▶ Source data:
↓↓↓
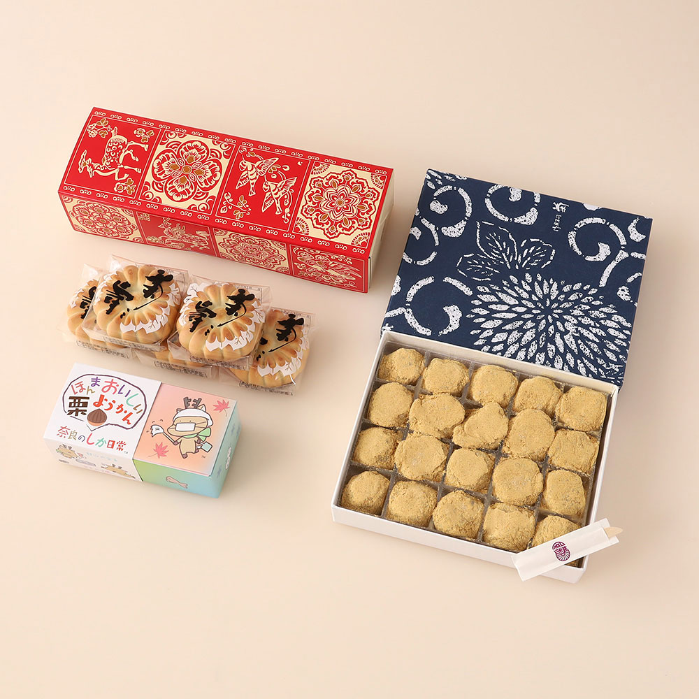 奈良の大和郡山城主 豊臣秀長公から兄の秀吉公をもてなす茶会に珍菓を作るように命ぜられ献上し、子守歌にも唄われ400年続く奈良名物「御城之口餅(おしろのくちもち)」、エアーラインのファーストクラス採用品の黄身餡洋風焼菓子「菊之寿(きくのことぶき)」、奈良の鹿キャラクターが奈良の行事を案内するパッケージに入った栗羊羹「奈良のしか日常」と、奈良で一番古い老舗菓子店の福袋です。
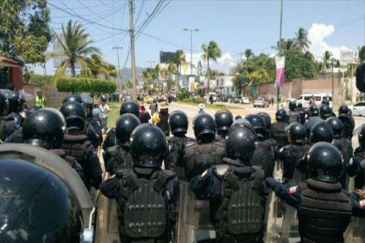 NOTICIAS 24/03/2015Antimotines frenan paso de CETEG a Tianguis TurísticoElementos antimotines de la Policía Federal frenaron el paso de la marcha de maestros de la Coordinadora Estatal de Trabajadores de la Educación en Guerrero, familiares de los normalistas desaparecidos y organizaciones civiles, hacia la expo Mundo Imperial, donde se realiza el Tianguis Turístico 2015.
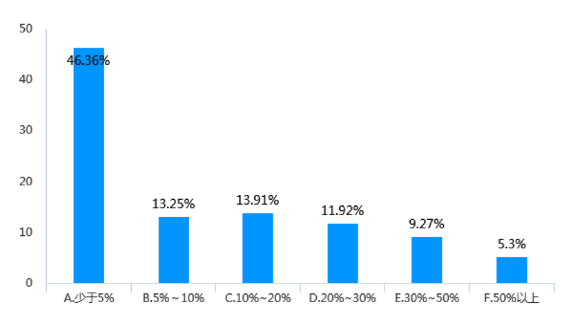 調查顯示,在21.58%的受調查企業中,中高層女管理者占比達到了30%~50%(見圖6);與此同時,在20.53%的受調查企業中,中層女管理者占比為30%~50%(見圖7);此外,在46.36%的受調查企業中,副總級以上女高管少于5%;僅有9.27%的受調查企業副總級以上女高管占比達到30%~50%(見圖8)。
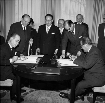 Fig. 1 The Spanish Ambassador Marqués de Bolarque and State Secretary Van Scherpenberg of the German Foreign Office sign the recruitment agreement between Spain and Germany, Bonn, 29 March 1960. Photograph: Rolf Unterberg. Bundesarchiv Bildarchiv, Berlin. Used with permission.
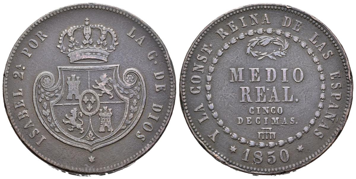 ELIZABETH II (1833-1868). 1/2 Real (5 Tenths) (Ae. 18.32g/32mm). 1850. Segovia. (Cal-2019-155). Very Fine.
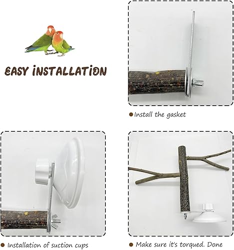 High-quality material: The suction cup accessories are made of ABS plastic and non-rusting metal materials, which can withstand the daily wear and tear of bird perches, and are safe and durable.
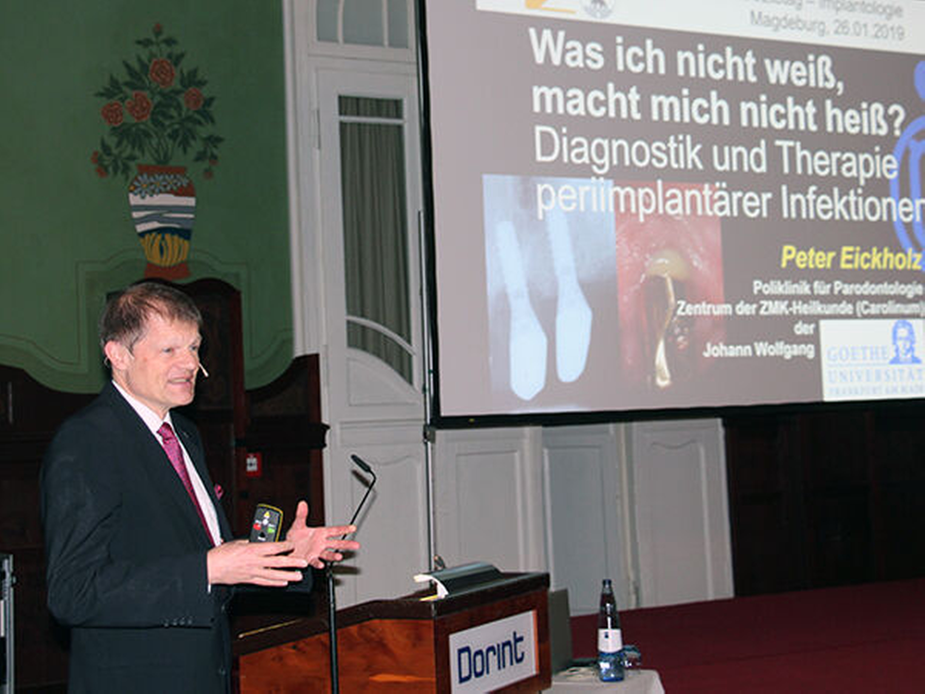 Über Diagnostik und Therapie periimplantärer Infektionen referierte Universitätsprofessor Dr. Peter Eickholz, Frankfurt am Main. Das Problem dieser Infektionen sei, dass sie schwer zu erkennen seien.
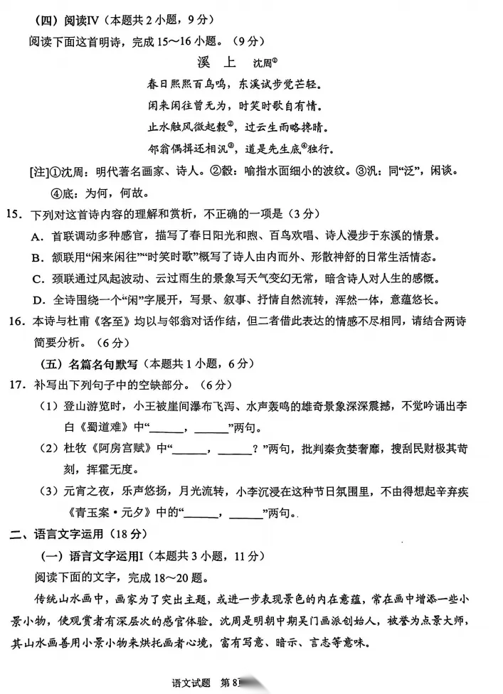 【广东卷】广东省江门市2026年3月高三年级高考模拟考试(江门一模)(3.18-3.20) 数学语文试题卷+答案 【广东卷】广东省江门市2026年3月高三年级高考模拟考试(江门一模)(3.18-3.20) 数学语文试题卷+答案
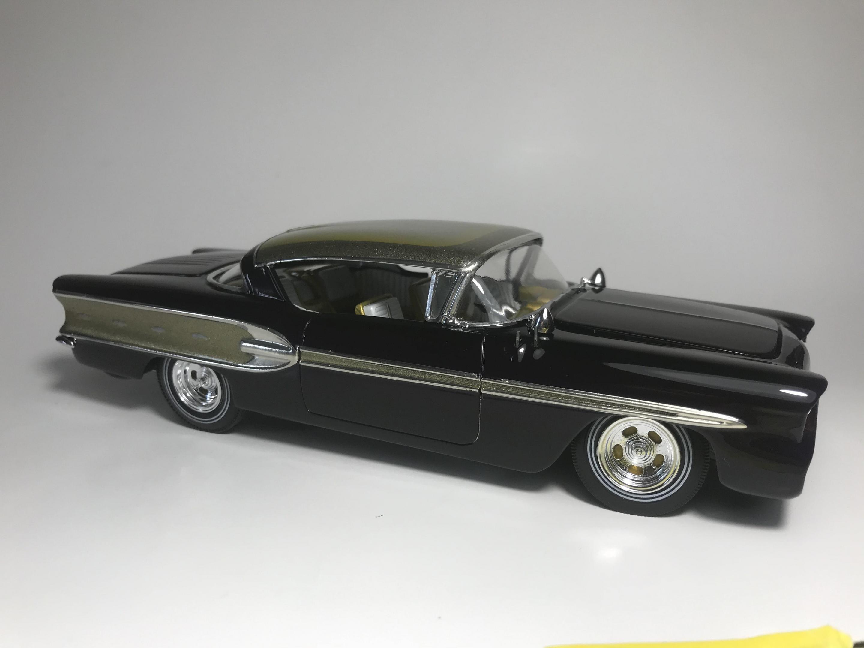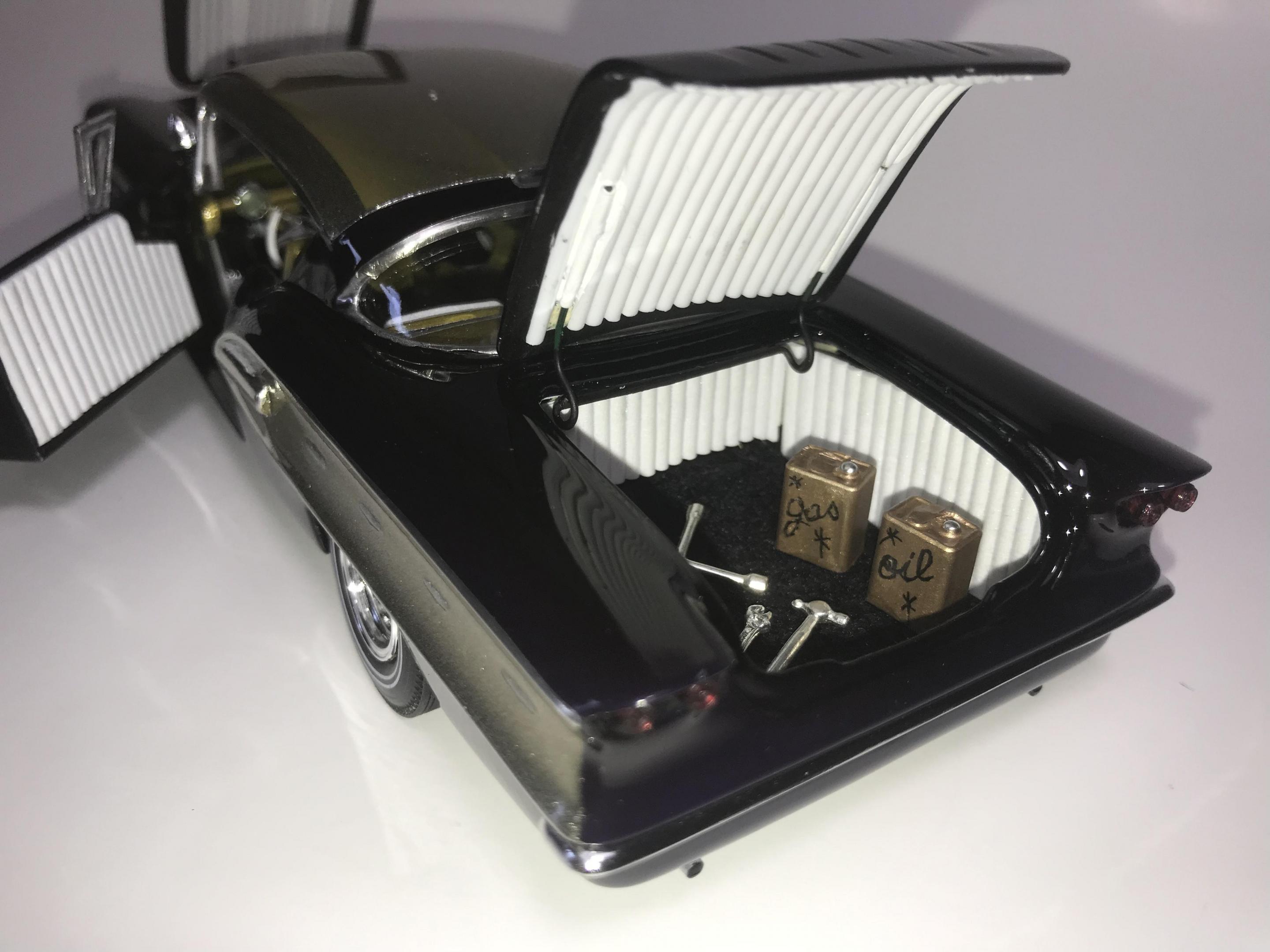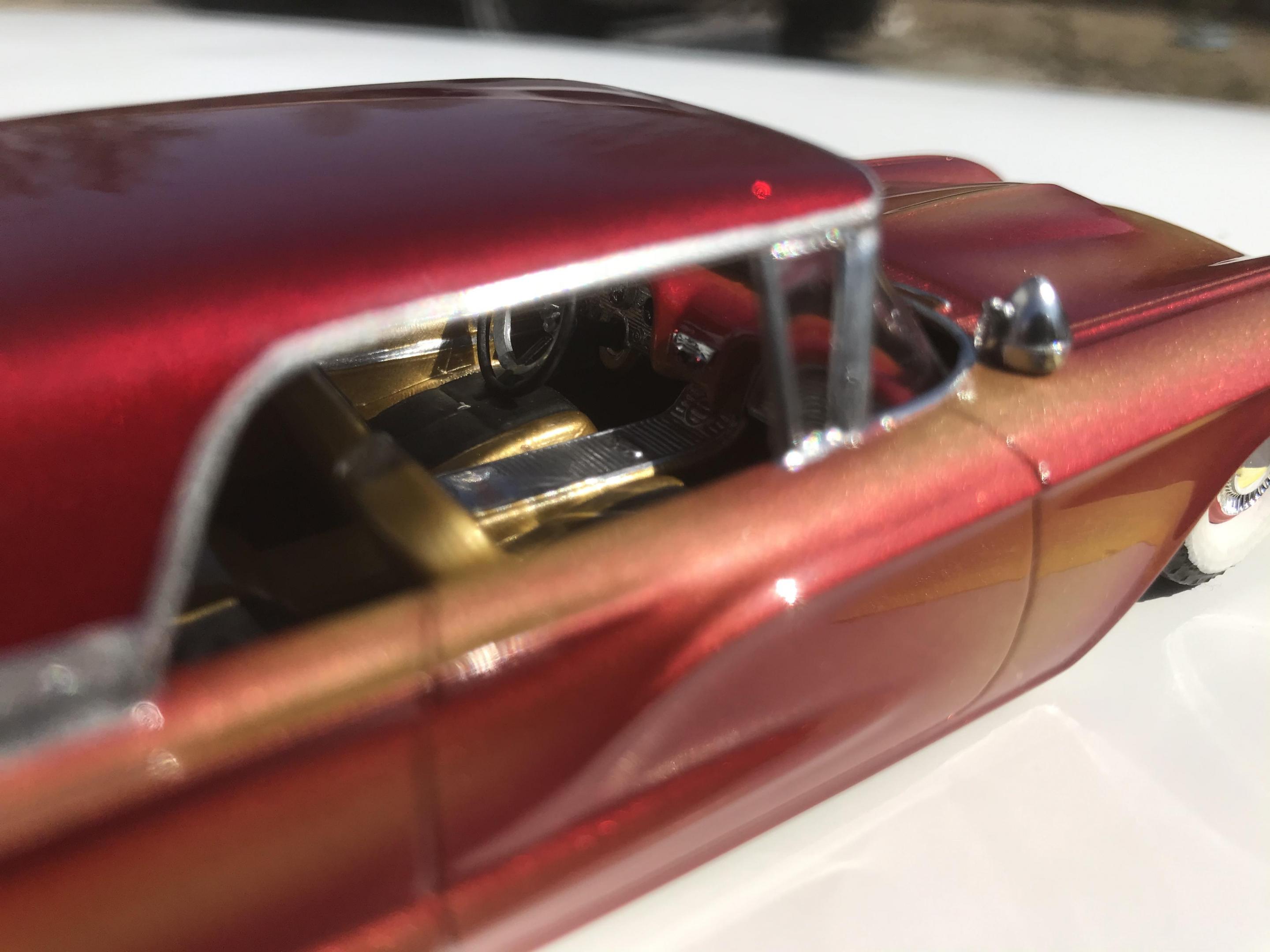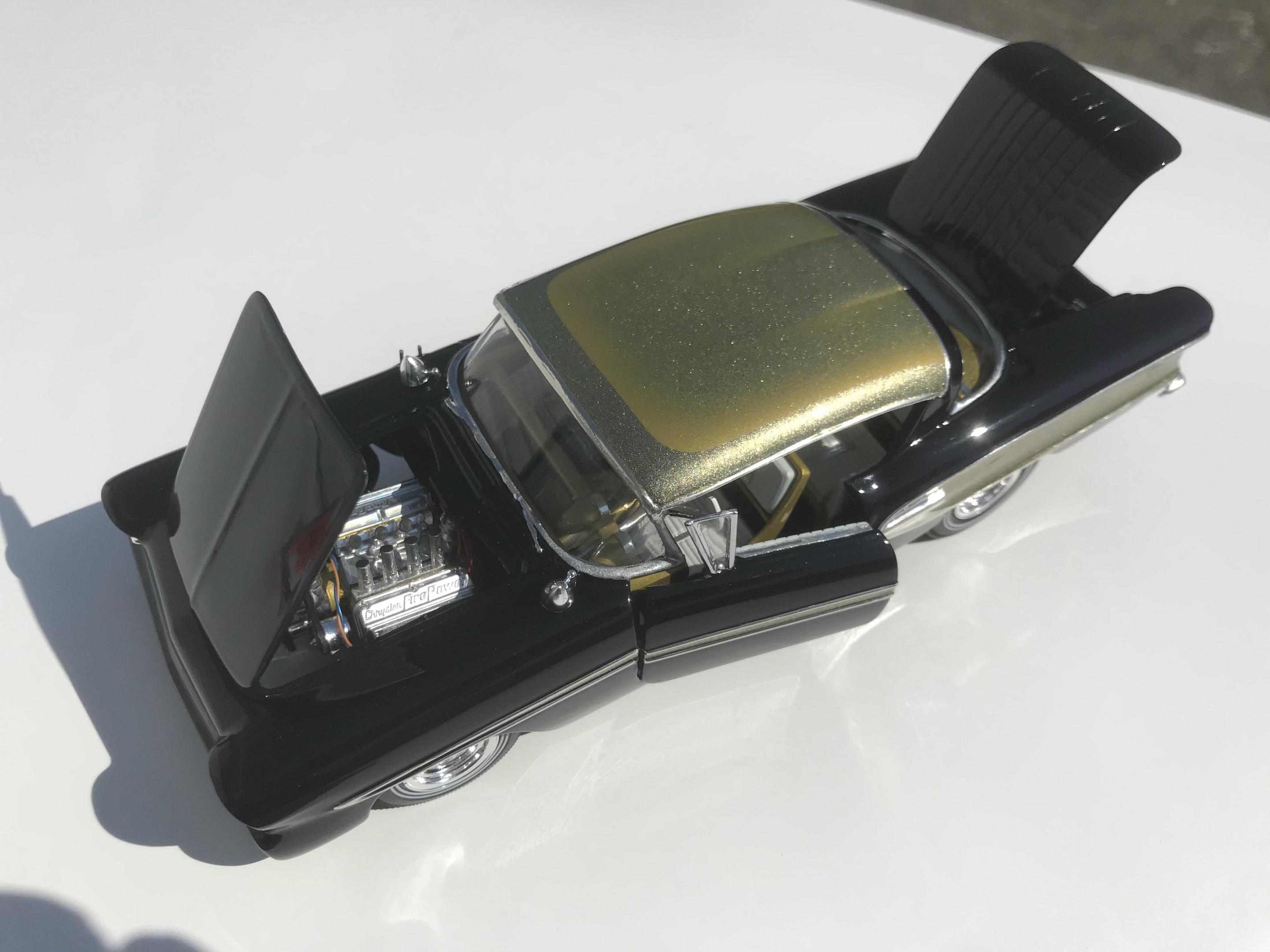 Here’s what once was a very badly busted up glue bomb, but for some reason I couldn’t just toss it in the trash, I worked on this on and off for about 7 years!! I had this picture of a early’60’s show car in my head with this model, so I started with piercing the body back together and then cutting it back apart, I pan caked the hood,then hinging the door, hood and trunk then rounding all the corners and molding all the jams, useing the custom interior, windows and chassis from the amt 58 Chevy impala made everything a lot easier on this build, tuck in roll interior, trunk and hood, motor is from a monogram predicta, wheels and tires are from the amt surf woody, custom rear bumper and front grille, topped with black and a pearl purple for the bitty and gold flake top everything topped with a 2 k clear, I’m sure I’m for getting something , I’m really glad to finally have this finished and on my shelf and out of my head !! I posted a lot of pics, may too many !!! Hope you like !! Thanks for looking!!
↑↑↑
Please write out the whole listing exactly, but not the pictures in it.

▶ Response box:
 奈良の大和郡山城主 豊臣秀長公から兄の秀吉公をもてなす茶会に珍菓を作るように命ぜられ献上し、子守歌にも唄われ400年続く奈良名物「御城之口餅(おしろのくちもち)」、エアーラインのファーストクラス採用品の黄身餡洋風焼菓子「菊之寿(きくのことぶき)」、奈良の鹿キャラクターが奈良の行事を案内するパッケージに入った栗羊羹「奈良のしか日常」と、奈良で一番古い老舗菓子店の福袋です。
 NOTICIAS 24/03/2015Antimotines frenan paso de CETEG a Tianguis TurísticoElementos antimotines de la Policía Federal frenaron el paso de la marcha de maestros de la Coordinadora Estatal de Trabajadores de la Educación en Guerrero, familiares de los normalistas desaparecidos y organizaciones civiles, hacia la expo Mundo Imperial, donde se realiza el Tianguis Turístico 2015.
 調查顯示,在21.58%的受調查企業中,中高層女管理者占比達到了30%~50%(見圖6);與此同時,在20.53%的受調查企業中,中層女管理者占比為30%~50%(見圖7);此外,在46.36%的受調查企業中,副總級以上女高管少于5%;僅有9.27%的受調查企業副總級以上女高管占比達到30%~50%(見圖8)。
 Fig. 1 The Spanish Ambassador Marqués de Bolarque and State Secretary Van Scherpenberg of the German Foreign Office sign the recruitment agreement between Spain and Germany, Bonn, 29 March 1960. Photograph: Rolf Unterberg. Bundesarchiv Bildarchiv, Berlin. Used with permission.
 ELIZABETH II (1833-1868). 1/2 Real (5 Tenths) (Ae. 18.32g/32mm). 1850. Segovia. (Cal-2019-155). Very Fine.
 High-quality material: The suction cup accessories are made of ABS plastic and non-rusting metal materials, which can withstand the daily wear and tear of bird perches, and are safe and durable.
 Über Diagnostik und Therapie periimplantärer Infektionen referierte Universitätsprofessor Dr. Peter Eickholz, Frankfurt am Main. Das Problem dieser Infektionen sei, dass sie schwer zu erkennen seien.
 【广东卷】广东省江门市2026年3月高三年级高考模拟考试(江门一模)(3.18-3.20) 数学语文试题卷+答案 【广东卷】广东省江门市2026年3月高三年级高考模拟考试(江门一模)(3.18-3.20) 数学语文试题卷+答案
 Here’s what once was a very badly busted up glue bomb, but for some reason I couldn’t just toss it in the trash, I worked on this on and off for about 7 years!! I had this picture of a early’60’s show car in my head with this model, so I started with piercing the body back together and then cutting it back apart, I pan caked the hood,then hinging the door, hood and trunk then rounding all the corners and molding all the jams, useing the custom interior, windows and chassis from the amt 58 Chevy impala made everything a lot easier on this build, tuck in roll interior, trunk and hood, motor is from a monogram predicta, wheels and tires are from the amt surf woody, custom rear bumper and front grille, topped with black and a pearl purple for the bitty and gold flake top everything topped with a 2 k clear, I’m sure I’m for getting something , I’m really glad to finally have this finished and on my shelf and out of my head !! I posted a lot of pics, may too many !!! Hope you like !! Thanks for looking!!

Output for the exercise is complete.